[RsR] Outliers in the market model that's used to estimate `beta' of a stock

Thu Sep 18 17:36:16 CEST 2008

In continuation of the discussion on `Winsorisation' that has taken
place on r-sig-finance today, I thought I'd present all of you with an
interesting dataset and a question.

This data is the daily stock returns of the large Indian software firm
`Infosys'. (This is the symbol `INFY' on NASDAQ). It is a large number
of observations of daily returns (i.e. percentage changes of the
adjusted stock price).

Load the data in --

    print(load(url("http://www.mayin.org/ajayshah/tmp/infosys_mm.rda")))
    str(x)
    summary(x)
    sd(x)

The name `rj' is used for returns on Infosys, and `rM' is used for
returns on the stock market index (Nifty). There are three really
weird observations in this.

    weird.rj <- c(1896,2395)
    weird.rM <- 2672
    x[weird.rj,]
    x[weird.rM,]

As you can see, these observations are quite remarkable given the
small standard deviations that we saw above. There is absolutely no
measurement error here. These things actually happened.

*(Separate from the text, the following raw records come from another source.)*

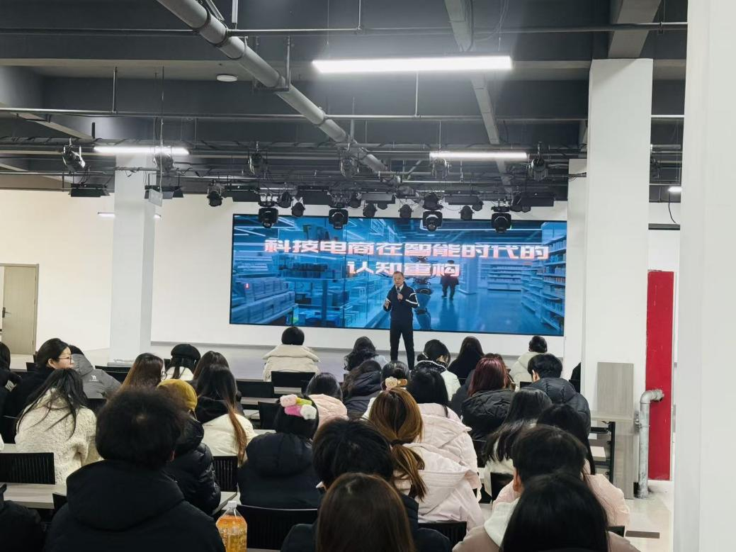 12月29日,资深数字媒体产业专家、中国数字媒体产学研联盟特聘专家鲍鹏杰,以“AI驱动下科技电商的认知重构与实践创新”为主题开讲。他结合二十余年实战经验,从时代背景等四大维度展开讲解,指出AI、大数据重塑电商格局,行业已从“流量思维”转向“价值创造”,迈入全链路智能化决策4.0时代。他拆解技术与商业融合路径,明确无界零售是必然趋势,并鼓励同学们夯实基础素养,提升专业技能与行业视野。
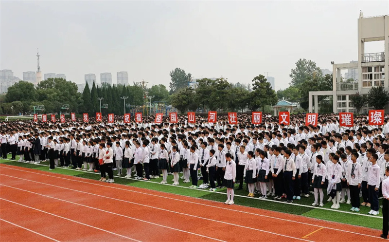 9月30日上午,全体师生齐聚运动场,开展“迎国庆 颂祖国”主题升旗仪式活动。这是一次与祖国的对话,是一段独具淮外记忆的告白。
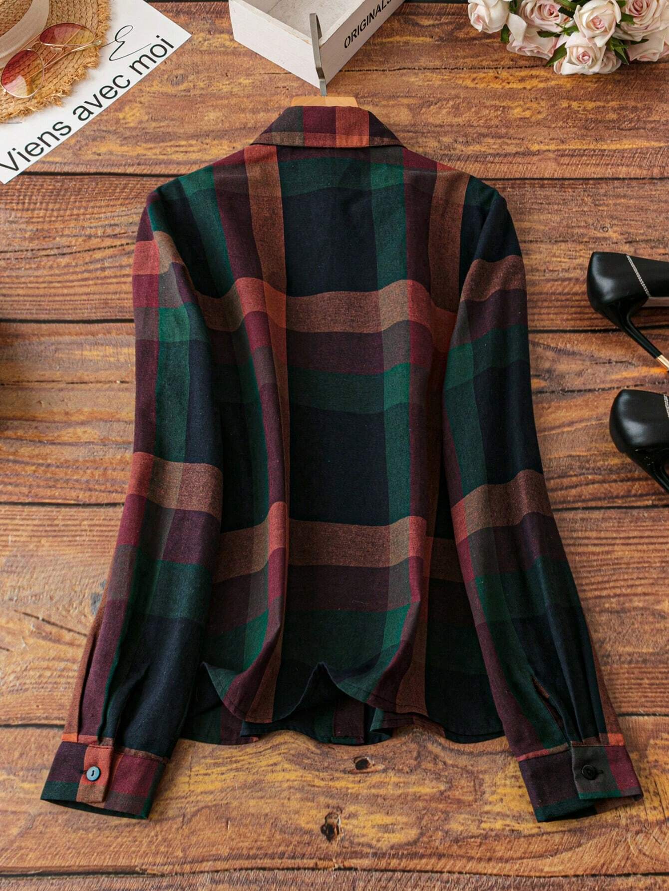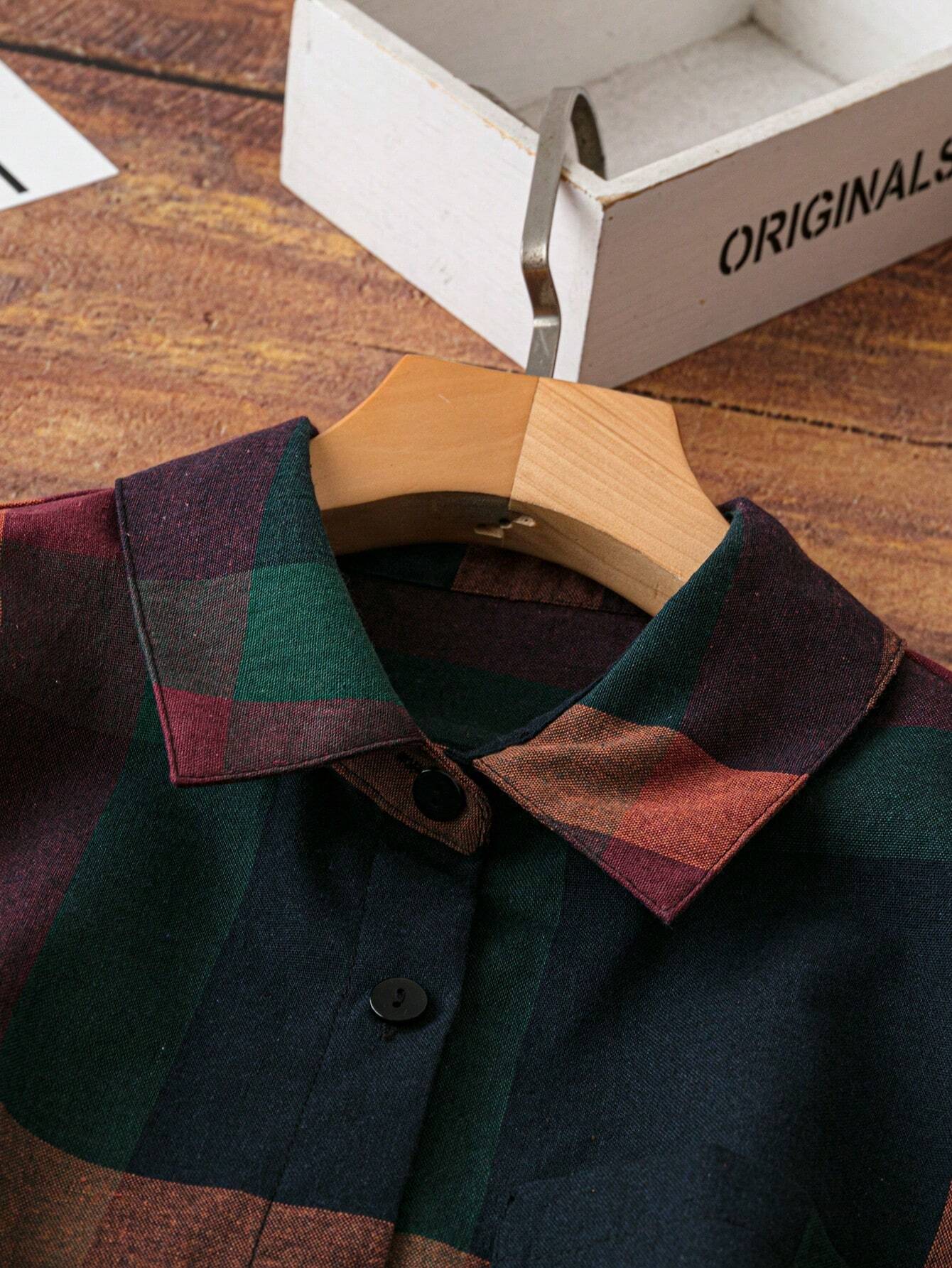 LUNE Women's Plaid Print Casual Long Sleeve Shirt
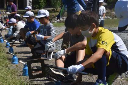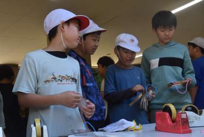 杉板をバーナーであぶり、たわしとぼろ布で磨いたものに絵や文字を書き、ひもを付けました。それぞれが、思い出に残った絵や文字を入れ、集中して作業していました。
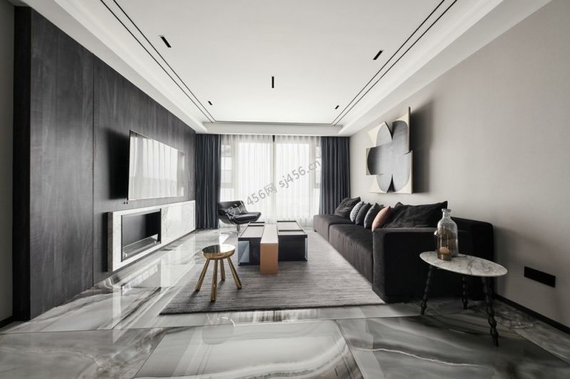 恒大滨河左岸简约风格108平米三居室装修效果图案例风效果图
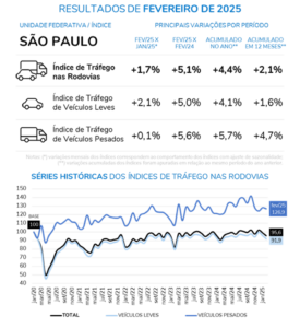 São Paulo, março de 2025 — Entre janeiro e fevereiro de 2025, o Índice de tráfego nas rodovias de São Paulo cresceu 1,7%, com destaque para o aumento de 2,1% no fluxo de veículos leves. Em comparação a fevereiro de 2024, houve uma elevação de 5,1% no tráfego, sendo impulsionada por avanços tanto no segmento de veículos leves (+5,0%) quanto no de veículos pesados (+5,6%).
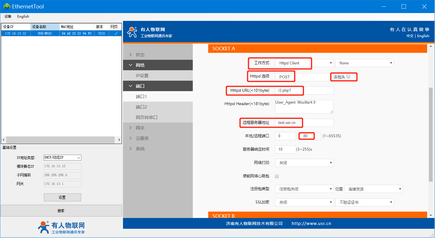 注意:上述参数是用我司的http测试服务器,如果客户接自己的http服务器,需要根据实际情况修改参数

Now consider a typical application: using this to estimate a market
model. The goal here is to estimate the coefficient of a regression of
rj on rM.

    # A regression with all obs
    summary(lm(rj ~ rM, data=x))

    # Drop the weird rj --
    summary(lm(rj ~ rM, data=x[-weird.rj,]))

    # Drop the weird rM --
    summary(lm(rj ~ rM, data=x[-weird.rM,]))

    # Drop both kinds of weird observations --
    summary(lm(rj ~ rM, data=x[-c(weird.rM,weird.rj),]))

    # Robust regressions
    library(MASS)
    summary(rlm(rj ~ rM, data=x))
    summary(rlm(rj ~ rM, method="MM", data=x))
    library(robust)
    summary(lmRob(rj ~ rM, data=x))
    library(quantreg)
    summary(rq(rj ~ rM, tau=0.5, data=x))

So you see, we have a variety of different estimates for the slope
(which is termed `beta' in finance). What value would you trust the
most?

And, would winsorisation using either my code
(https://stat.ethz.ch/pipermail/r-sig-finance/2008q3/002921.html) or
Patrick Burns' code
(https://stat.ethz.ch/pipermail/r-sig-finance/2008q3/002923.html) be a
good idea here?

I'm instinctively unhappy with any scheme based on discarding
observations that I'm absolutely sure have no measurement error. We
have to model the weirdness of this data generating process, not
ignore it.

-- 
Ajay Shah                                      http://www.mayin.org/ajayshah  
ajayshah using mayin.org                             http://ajayshahblog.blogspot.com
<*(:-? - wizard who doesn't know the answer.